Improving stroke care in Nova Scotia, Canada: a population-based project spanning 14 years

Affiliations

Improving stroke care in Nova Scotia, Canada: a population-based project spanning 14 years

Stephen James Phillips et al. BMJ Open Qual. 2021 Sep.

Abstract

Stroke is a complex disorder that challenges healthcare systems. An audit of in-hospital stroke care in the province of Nova Scotia, Canada, in 2004-2005 indicated that many aspects of care delivery fell short of national best practice recommendations. Stroke care in Nova Scotia was reorganised using a combination of interventions to facilitate systems change and quality improvement. The focus was mainly on implementing evidence-based stroke unit care, augmenting thrombolytic therapy and enhancing dysphagia assessment. Key were the development of a provincial network to facilitate ongoing collaboration and structured information exchange, the creation of the stroke coordinator and stroke physician champion roles, and the implementation of a registry to capture information about adults hospitalised because of stroke or transient ischaemic attack.
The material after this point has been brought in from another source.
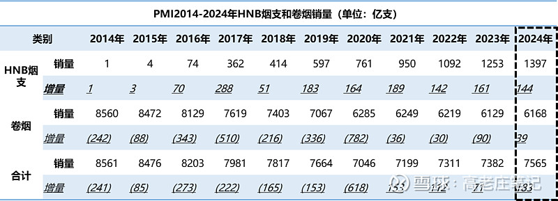以2014年IQOS发布作为起点,2024年为终点。PMI的卷烟销量从8560亿支降到6168亿支。HNB烟支增加到1397亿支。静态看,PMI将消亡的8560-6168=2392亿支卷烟量中的58%转换成了HNB。
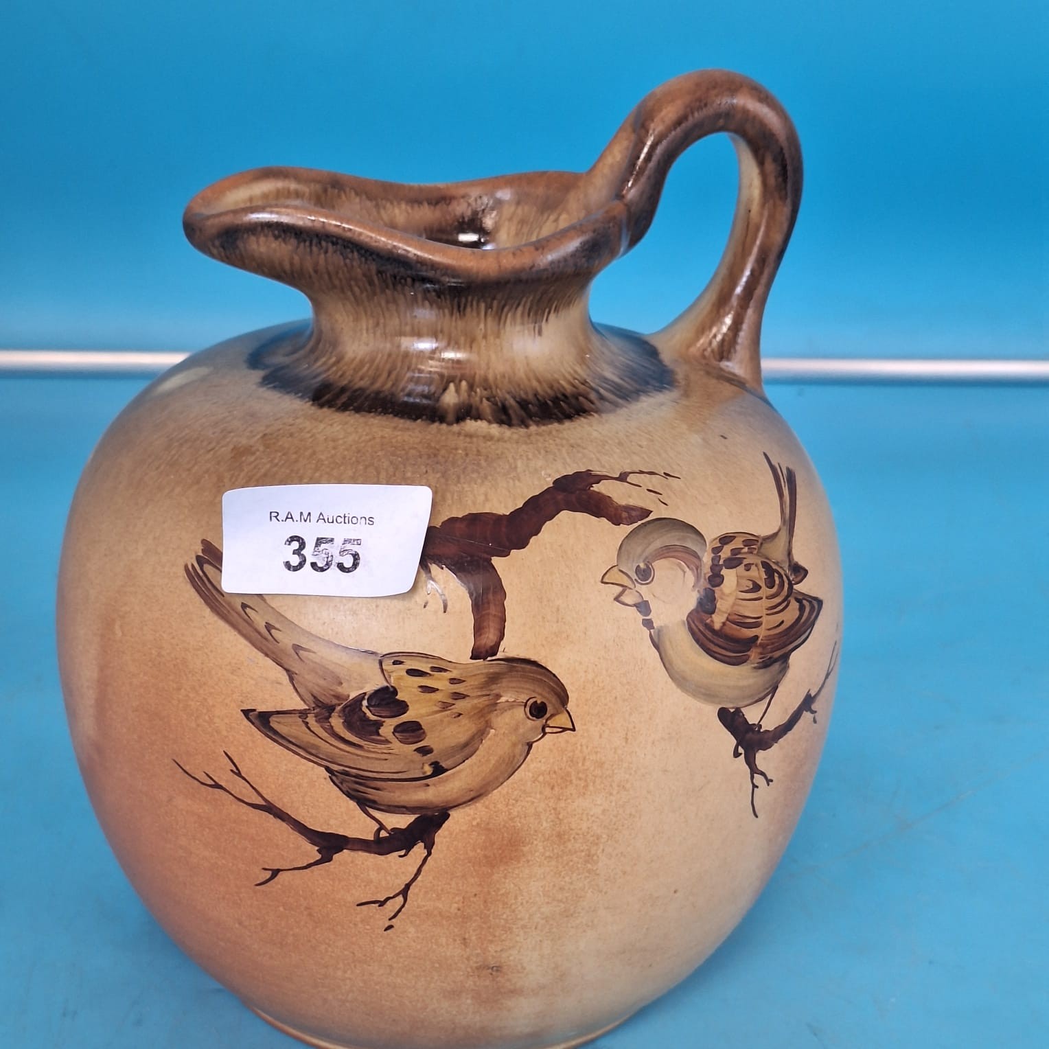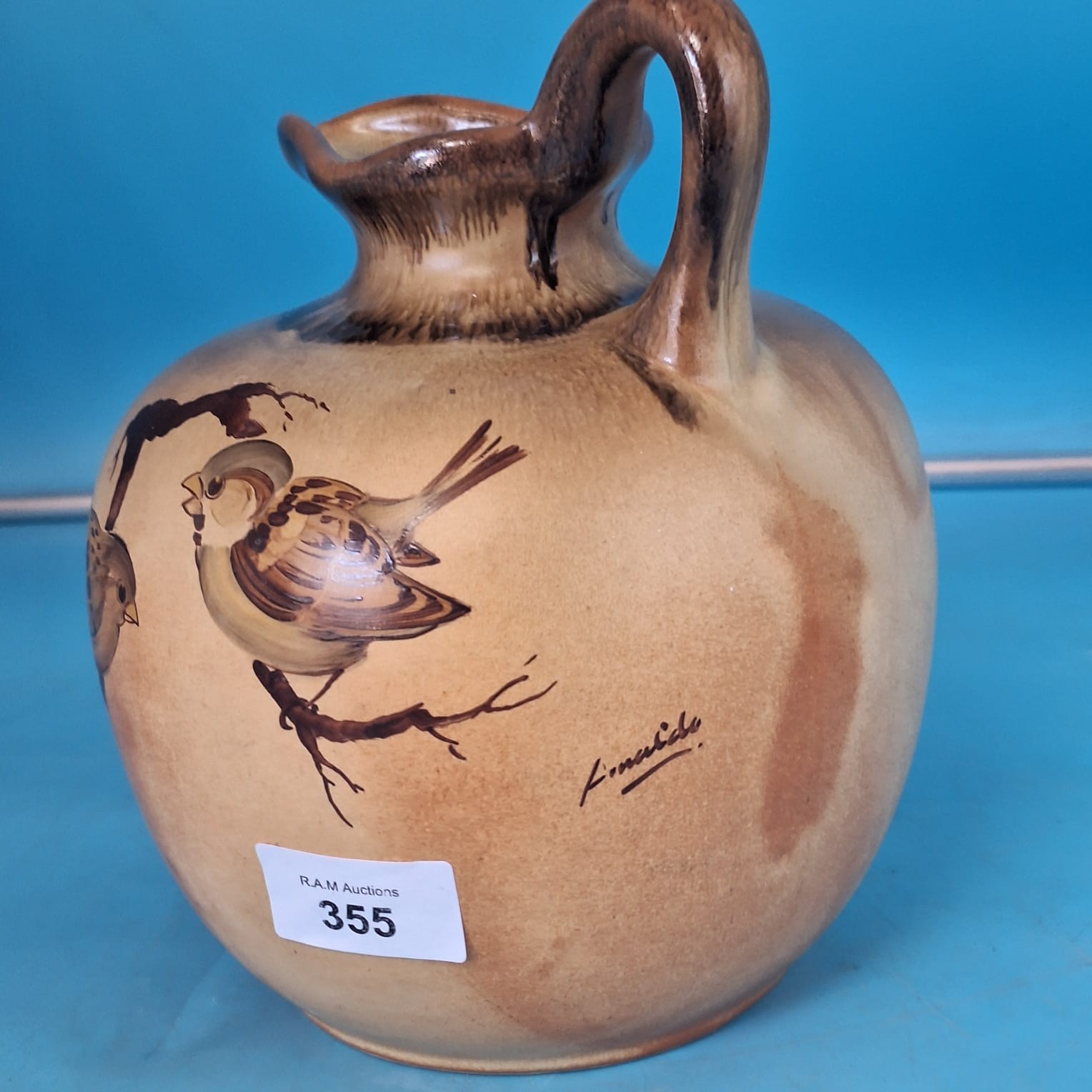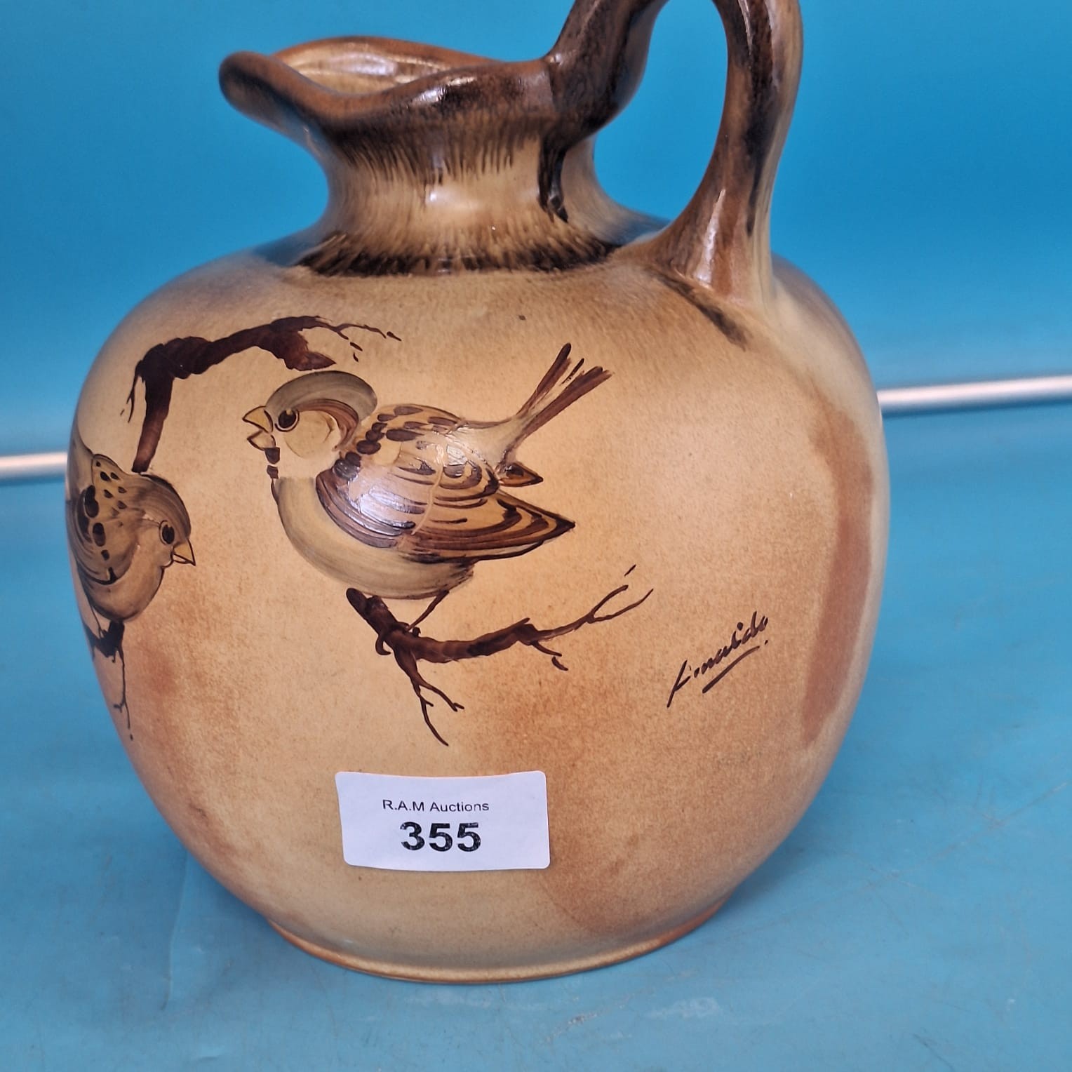 A light beige ceramic pitcher with brown bird and branch accents, signed “Amabile.”

To evaluate the interventions, a longitudinal analysis compared the audit results with registry data for 2012, 2015 and 2019. The proportion of patients receiving multidisciplinary stroke unit care rose from 22.4% in 2005 to 74.0% in 2019. The proportion of patients who received alteplase increased steadily from 3.2% to 18.5%, and the median delay between hospital arrival and alteplase administration decreased from 102 min to 56 min, without an increase in intracranial haemorrhage. Dysphagia screening increased from 41.4% to 77.4%. More patients were transferred from acute care to a dedicated in-patient rehabilitation unit, and fewer were discharged to residential or long-term care. These enhancements did not prolong length-of-stay in acute care. The network was a critical success factor; competing priorities in the healthcare system were the main challenge to implementing change. A multidimensional, multiyear, improvement intervention yielded substantial and sustained improvements in the process and structure of stroke care in Nova Scotia.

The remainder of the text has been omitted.